> **Task**
Output each line of the listing exactly, though pictures are not to appear.

> **Data shown**
•••

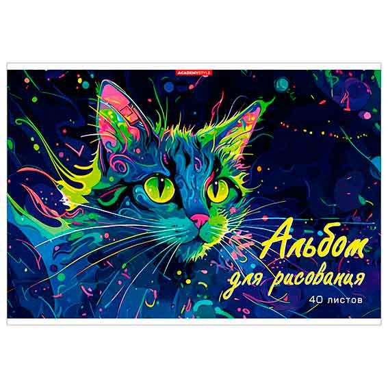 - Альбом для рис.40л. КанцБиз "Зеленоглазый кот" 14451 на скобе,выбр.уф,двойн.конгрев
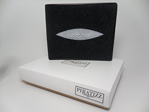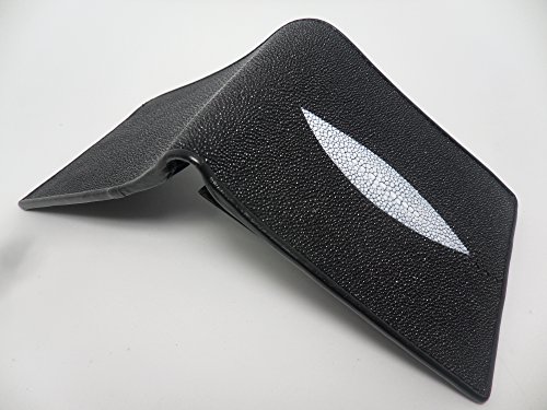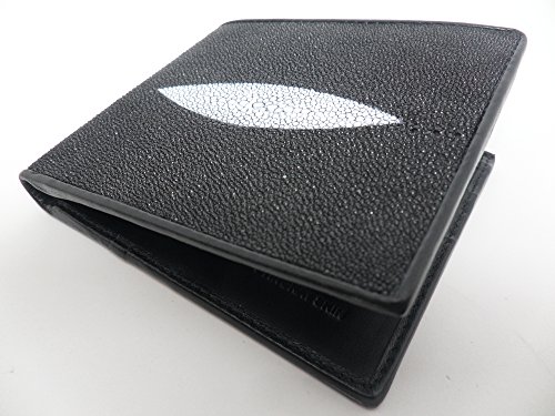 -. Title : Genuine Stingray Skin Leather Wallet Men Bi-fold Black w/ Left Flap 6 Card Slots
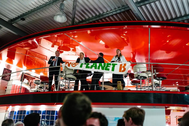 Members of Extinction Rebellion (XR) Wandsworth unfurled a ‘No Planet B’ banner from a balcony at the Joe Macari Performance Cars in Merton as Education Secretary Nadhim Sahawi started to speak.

•••

> **The completed task**
 - Альбом для рис.40л. КанцБиз "Зеленоглазый кот" 14451 на скобе,выбр.уф,двойн.конгрев
 -. Title : Genuine Stingray Skin Leather Wallet Men Bi-fold Black w/ Left Flap 6 Card Slots
 Members of Extinction Rebellion (XR) Wandsworth unfurled a ‘No Planet B’ banner from a balcony at the Joe Macari Performance Cars in Merton as Education Secretary Nadhim Sahawi started to speak.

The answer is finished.